◆ Your task
Reproduce exactly the run of lines that begins with the one containing "사진 설명 시작. 주민센터에서" and ends with the last line of the records, omitting pictures.

Exercise material below:

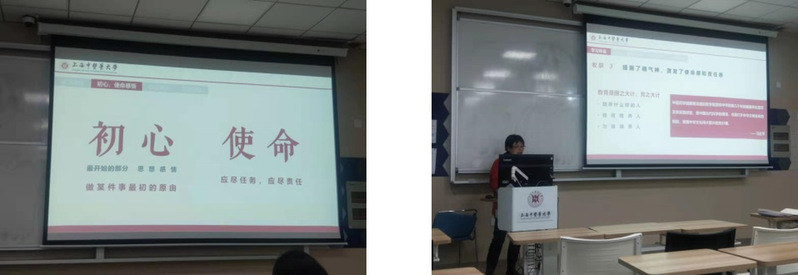 今天的“不忘初心、牢记使命”主题教育专题党课,组织部夏文芳老师从她自身的学习体会展开,倡导我们党员要时刻注重学习,坚持用习近平新时代中国特色社会主义思想武装头脑、指导实践,理论学习会使我们在思想政治上受到洗礼,补充精神之“钙”,并通过老一辈的事迹激励鼓舞我们,激发我们新一代的使命感和责任感,作为中医药学子,在习近平总书记大力提倡中医药发展的当下,我们更应该努力学习,传承好发展好利用好中医药,推动中医药创造性转化、创新性发展,牢记入党誓词和医学生誓言,更好地为人类健康服务。
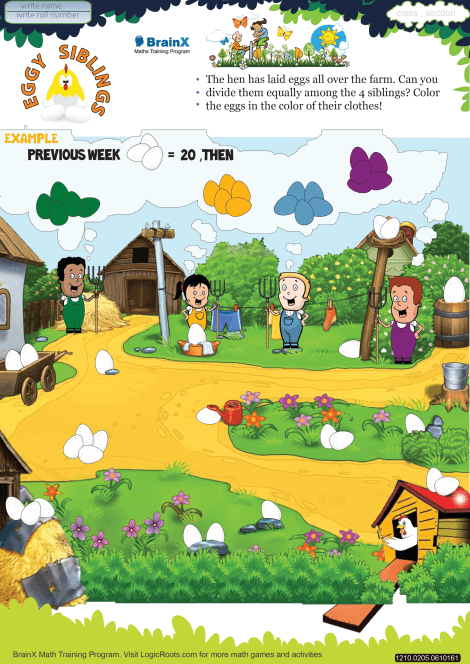 Once there lived a family, having 4 children named Bob, Sob, Tob and Rob. They also had a hen in their backyard. One week their family went out for an outing . When they came back, they saw that their hen had laid eggs all over the farm . Now all the siblings quarreled among themselves for the eggs. So, to tackle this they all decided to divide the eggs among themselves equally . Now first calculate the total number of eggs and divide among the 4 and color the eggs according to their T-shirt.
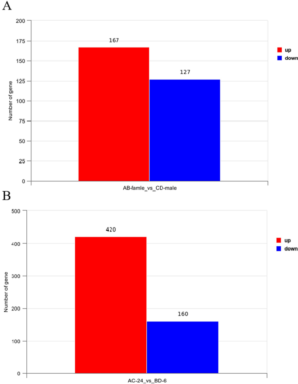 性别比较发现294个DEGs,其中胶原基因COL1A1/COL1A2/COL4A2在雄性中显著上调,与"胶原纤维组织"(GO:0030199)等术语显著相关
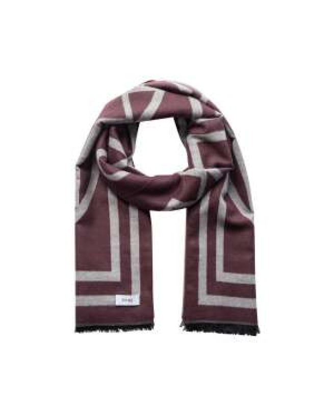 Elegant stort let uldent tørklæde fra LEVETÈ ROOM med et geometrisk print med rene kanter og frynsede ender for ekstra tekstur. Brug det sammen med skræddersyede frakker eller afslappede jakker for et raffineret look.Farve: 418 BORDEAUX/GRÅ
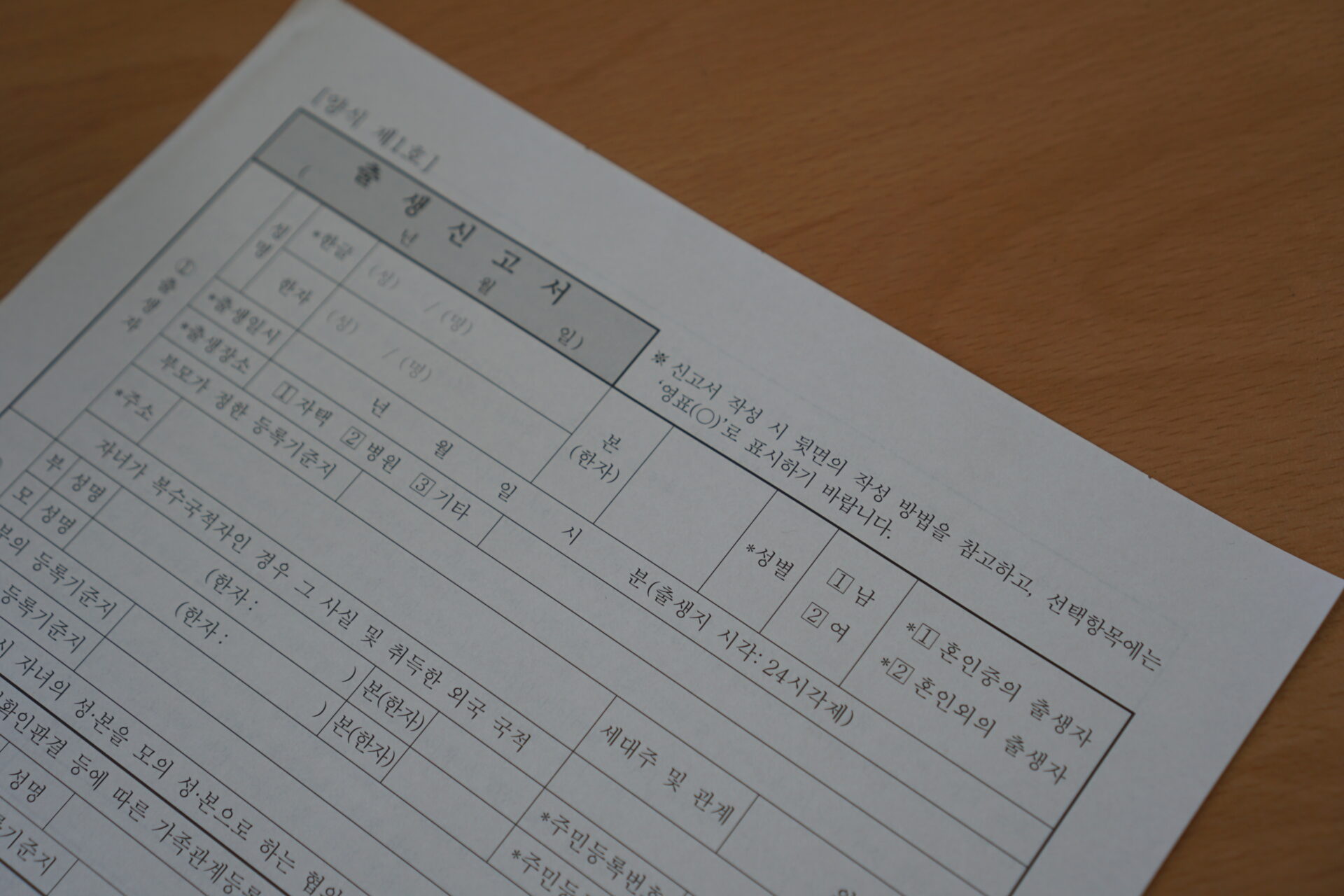 사진 설명 시작. 주민센터에서 촬영한 출생신고서. ‘혼인 외 출생자’와 ‘혼인 중 출생자’ 칸이 명확히 나뉘어 있다. 미혼부가 홀로 작성하여 제출한 출생신고서는 주민센터에서 받아주지 않는다. 사진 설명 끝.
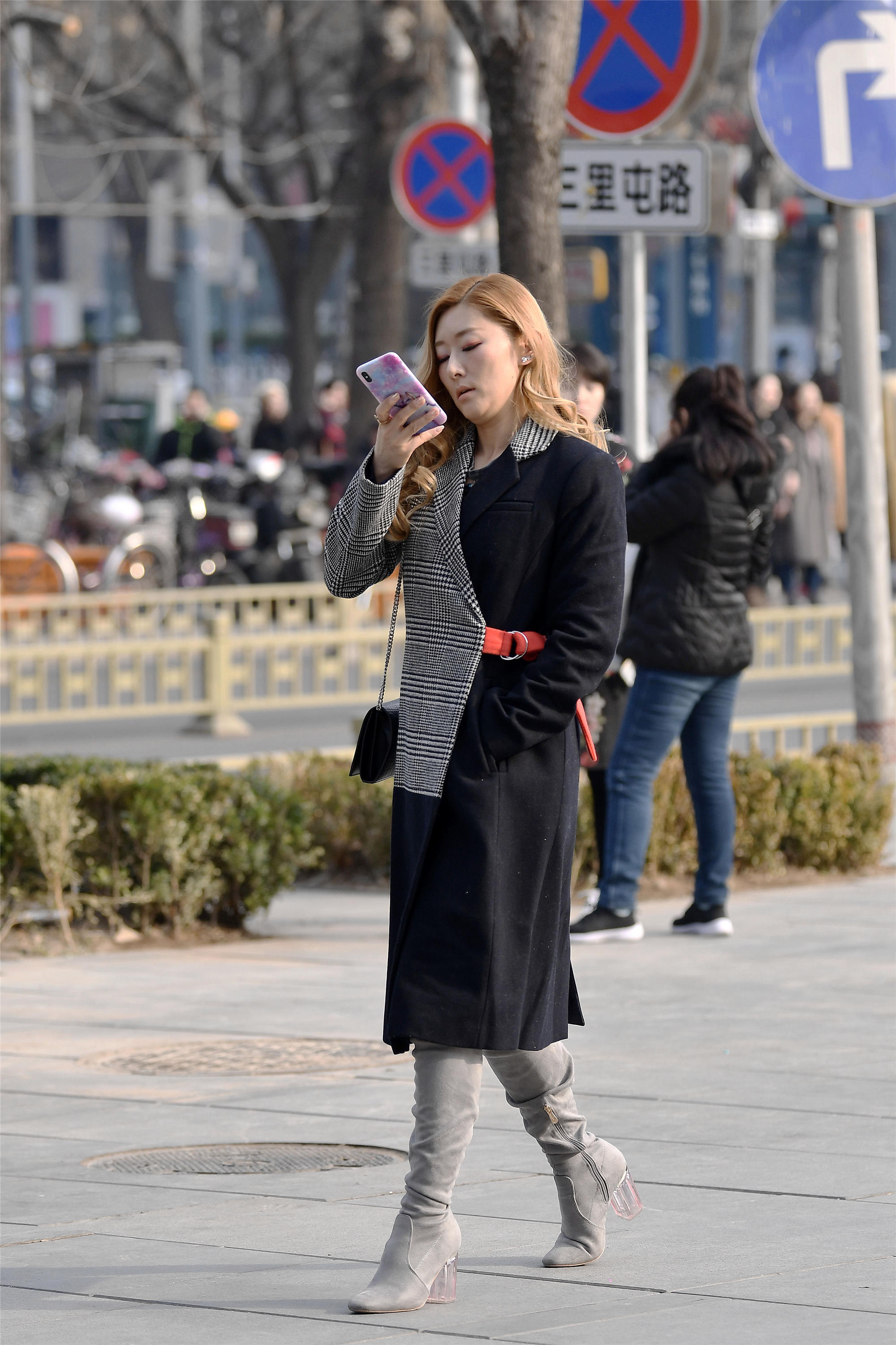 这款拼接色的风衣,也是很流行的,有不少人穿,而每个人选择的款式和色彩都不一样,所以穿着出来时非常个性的,灰色格子和黑色混搭在一起非常不错,像是两件衣服拼接在一起,灰色格子其实是黑色和白色细格子混搭在一起的效果,而且用一个红腰带系一下,让你感觉身材比例非常好,搭配一双灰色水晶跟的长靴,粗水晶鞋跟,透明的效果,略带粉红色。

End of Exercise material.

◆ Answer area
 사진 설명 시작. 주민센터에서 촬영한 출생신고서. ‘혼인 외 출생자’와 ‘혼인 중 출생자’ 칸이 명확히 나뉘어 있다. 미혼부가 홀로 작성하여 제출한 출생신고서는 주민센터에서 받아주지 않는다. 사진 설명 끝.
 这款拼接色的风衣,也是很流行的,有不少人穿,而每个人选择的款式和色彩都不一样,所以穿着出来时非常个性的,灰色格子和黑色混搭在一起非常不错,像是两件衣服拼接在一起,灰色格子其实是黑色和白色细格子混搭在一起的效果,而且用一个红腰带系一下,让你感觉身材比例非常好,搭配一双灰色水晶跟的长靴,粗水晶鞋跟,透明的效果,略带粉红色。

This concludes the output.